- _MATERIAL TO PROCESS_:
################
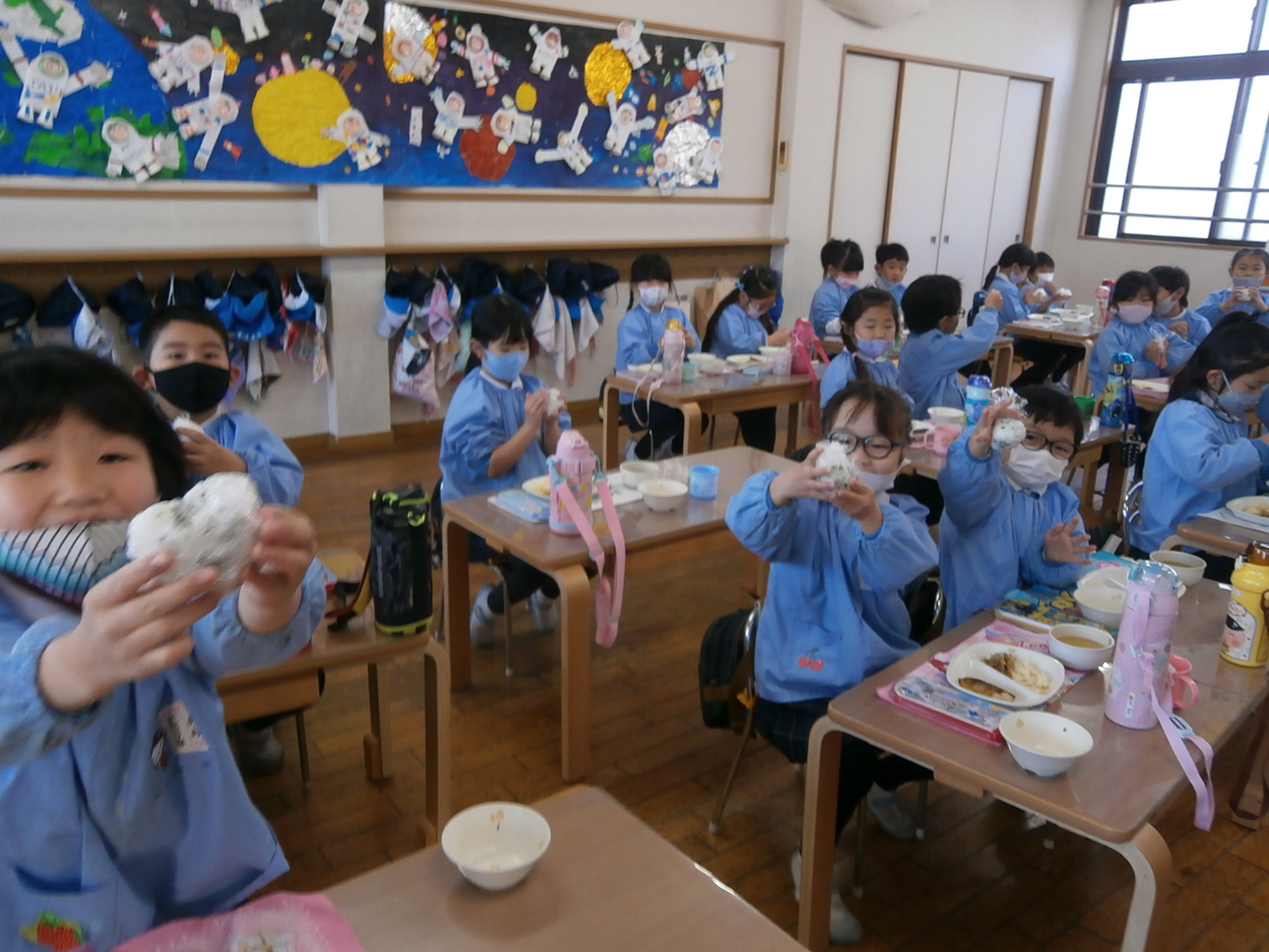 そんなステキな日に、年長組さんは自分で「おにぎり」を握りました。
################
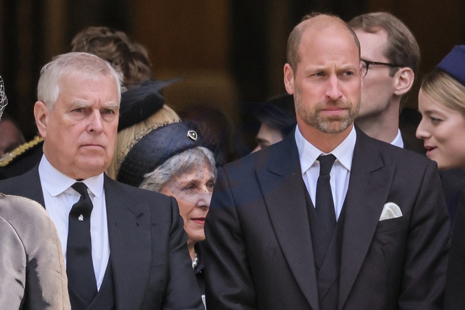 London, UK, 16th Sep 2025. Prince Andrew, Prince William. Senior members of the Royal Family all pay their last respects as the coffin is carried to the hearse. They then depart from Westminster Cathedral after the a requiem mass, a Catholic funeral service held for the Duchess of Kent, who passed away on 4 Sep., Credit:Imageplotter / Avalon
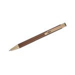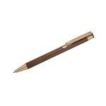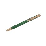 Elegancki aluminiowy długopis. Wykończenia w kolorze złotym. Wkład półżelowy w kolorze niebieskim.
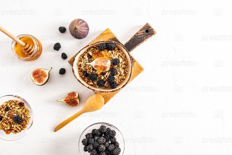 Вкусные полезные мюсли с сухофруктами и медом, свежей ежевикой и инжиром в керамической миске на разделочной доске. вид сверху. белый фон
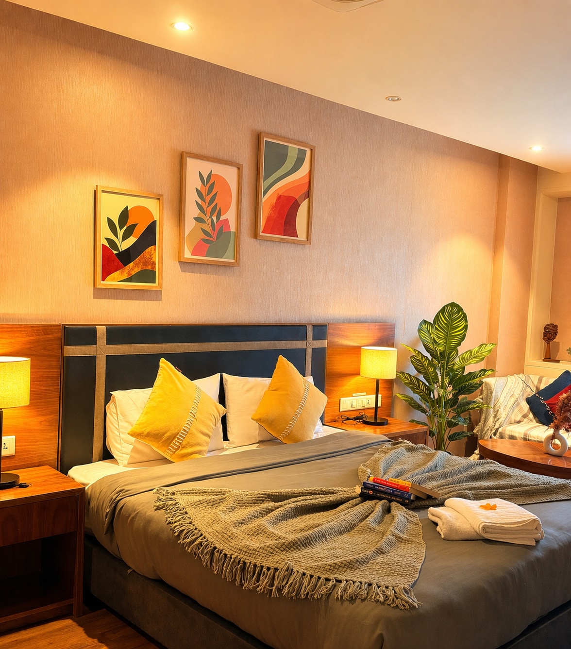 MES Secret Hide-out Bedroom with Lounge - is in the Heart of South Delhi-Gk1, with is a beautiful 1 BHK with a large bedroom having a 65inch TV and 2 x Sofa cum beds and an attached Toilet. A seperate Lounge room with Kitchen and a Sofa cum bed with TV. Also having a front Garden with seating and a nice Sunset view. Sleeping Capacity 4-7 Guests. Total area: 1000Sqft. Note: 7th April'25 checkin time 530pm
################
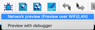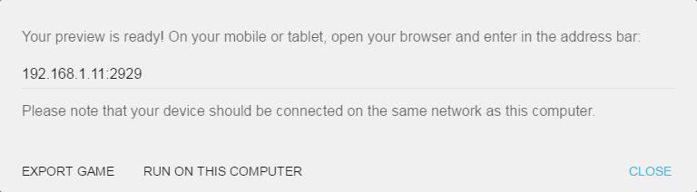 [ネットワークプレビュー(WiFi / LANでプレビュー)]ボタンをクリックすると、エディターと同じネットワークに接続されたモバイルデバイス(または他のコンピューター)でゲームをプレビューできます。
################
Output only the lines above from the one containing "London, UK, 16th" to the one containing "MES Secret Hide-out", both included, exactly as written and with no pictures.

- _YOUR RESPONSE_:
 London, UK, 16th Sep 2025. Prince Andrew, Prince William. Senior members of the Royal Family all pay their last respects as the coffin is carried to the hearse. They then depart from Westminster Cathedral after the a requiem mass, a Catholic funeral service held for the Duchess of Kent, who passed away on 4 Sep., Credit:Imageplotter / Avalon
 Elegancki aluminiowy długopis. Wykończenia w kolorze złotym. Wkład półżelowy w kolorze niebieskim.
 Вкусные полезные мюсли с сухофруктами и медом, свежей ежевикой и инжиром в керамической миске на разделочной доске. вид сверху. белый фон
 MES Secret Hide-out Bedroom with Lounge - is in the Heart of South Delhi-Gk1, with is a beautiful 1 BHK with a large bedroom having a 65inch TV and 2 x Sofa cum beds and an attached Toilet. A seperate Lounge room with Kitchen and a Sofa cum bed with TV. Also having a front Garden with seating and a nice Sunset view. Sleeping Capacity 4-7 Guests. Total area: 1000Sqft. Note: 7th April'25 checkin time 530pm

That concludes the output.